Insects Loving Our Winters
This could be a good year for some bugs and not so good for humans. Gene Kritsky is dean of Mount Saint Joe's behavioral and natural sciences department and says the lack of snow and consistently cold weather this winter will help some insects. He says that weather pattern, repeated over several years, will have a noticeable effect.
Kritsky calls it a biological winter and says this area hasn't had that kind of season for several years now.
"We're seeing our insects responding appropriately by coming out earlier, and in some cases, in bigger numbers. Things like mosquitoes, for example, they produce several generations a year, so we saw mosquitoes earlier, and if we continue having a wet summer and a typical warm summer we could have very good mosquito populations," Kritsky says.
Warmer winters could also mean a change in what kind of bugs thrive in the region.
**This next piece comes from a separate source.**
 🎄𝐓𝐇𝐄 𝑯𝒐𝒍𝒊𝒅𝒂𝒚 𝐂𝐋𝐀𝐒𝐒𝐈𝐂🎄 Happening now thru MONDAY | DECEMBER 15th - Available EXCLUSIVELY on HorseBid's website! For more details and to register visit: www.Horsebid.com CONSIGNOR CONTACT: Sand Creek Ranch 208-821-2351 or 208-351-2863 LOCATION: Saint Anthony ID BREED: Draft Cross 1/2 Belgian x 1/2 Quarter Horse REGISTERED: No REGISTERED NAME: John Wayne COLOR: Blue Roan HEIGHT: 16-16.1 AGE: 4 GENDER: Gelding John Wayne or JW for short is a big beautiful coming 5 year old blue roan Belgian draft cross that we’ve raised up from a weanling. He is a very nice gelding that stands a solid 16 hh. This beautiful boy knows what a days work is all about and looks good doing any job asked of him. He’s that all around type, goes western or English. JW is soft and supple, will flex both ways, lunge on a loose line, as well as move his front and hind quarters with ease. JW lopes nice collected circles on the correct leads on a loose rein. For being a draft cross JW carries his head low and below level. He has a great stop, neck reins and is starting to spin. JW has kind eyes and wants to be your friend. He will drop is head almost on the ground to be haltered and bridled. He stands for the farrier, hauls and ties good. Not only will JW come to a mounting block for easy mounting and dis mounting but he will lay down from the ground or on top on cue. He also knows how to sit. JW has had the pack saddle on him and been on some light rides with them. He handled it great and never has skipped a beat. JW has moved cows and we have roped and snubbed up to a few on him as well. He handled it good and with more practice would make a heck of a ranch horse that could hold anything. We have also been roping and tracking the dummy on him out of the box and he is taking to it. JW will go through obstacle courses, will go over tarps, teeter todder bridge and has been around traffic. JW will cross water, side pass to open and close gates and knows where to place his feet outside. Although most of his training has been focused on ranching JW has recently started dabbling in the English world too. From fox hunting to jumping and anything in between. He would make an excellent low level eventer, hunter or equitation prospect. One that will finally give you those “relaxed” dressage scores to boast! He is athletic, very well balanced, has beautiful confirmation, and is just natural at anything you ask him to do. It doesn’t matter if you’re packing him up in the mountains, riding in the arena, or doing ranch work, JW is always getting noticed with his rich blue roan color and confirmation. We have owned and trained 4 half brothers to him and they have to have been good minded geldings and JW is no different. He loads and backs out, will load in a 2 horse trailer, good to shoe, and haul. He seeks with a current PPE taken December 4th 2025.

"We'll see insects that occur in more southern states in the past moving northward," Kritsky says. "For example, the Southern Scorpion is moving northward from the southeastern United States. It's been reported now in south central Kentucky. And I had a report last year of people finding it in parts of southern Pennsylvania."
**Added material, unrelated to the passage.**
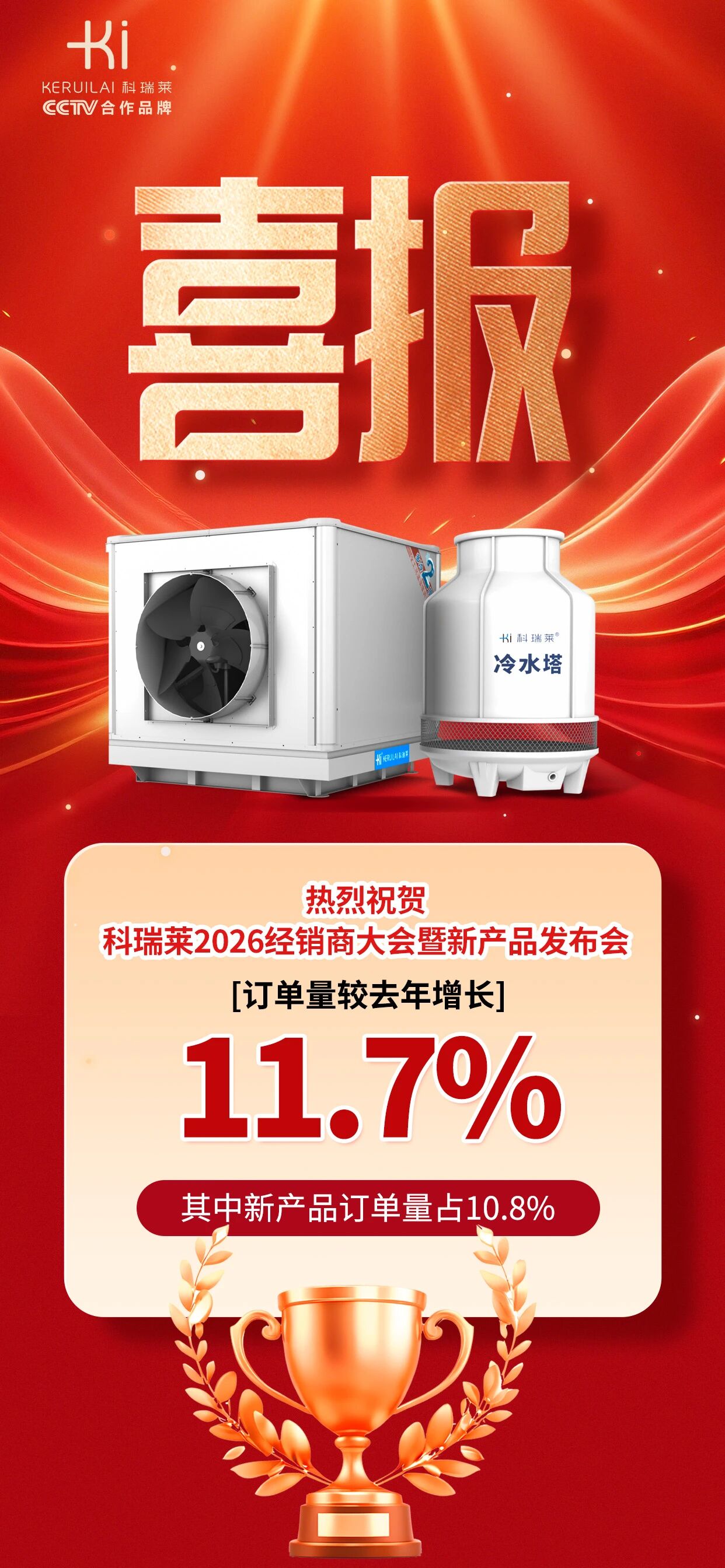 热烈祝贺科瑞莱2026年经销商大会暨新产品发布会订单量比去年增长11.7%,其中新产品占10.8%

He says mosquitos that carry the Zika virus are not normally found in the Tristate, but could expand their territory northward. Kritsky says the Centers for Disease Control does not expect the breed to have a significant presence locally.
"We're right at the northern end of where that mosquito occurs. As it gets warmer, that range may move northward, but that doesn't guarantee that the Zika virus is going to come with it."
According to the Ohio, Kentucky, and Indiana departments of health, there have been no Zika cases transmitted by mosquitos locally.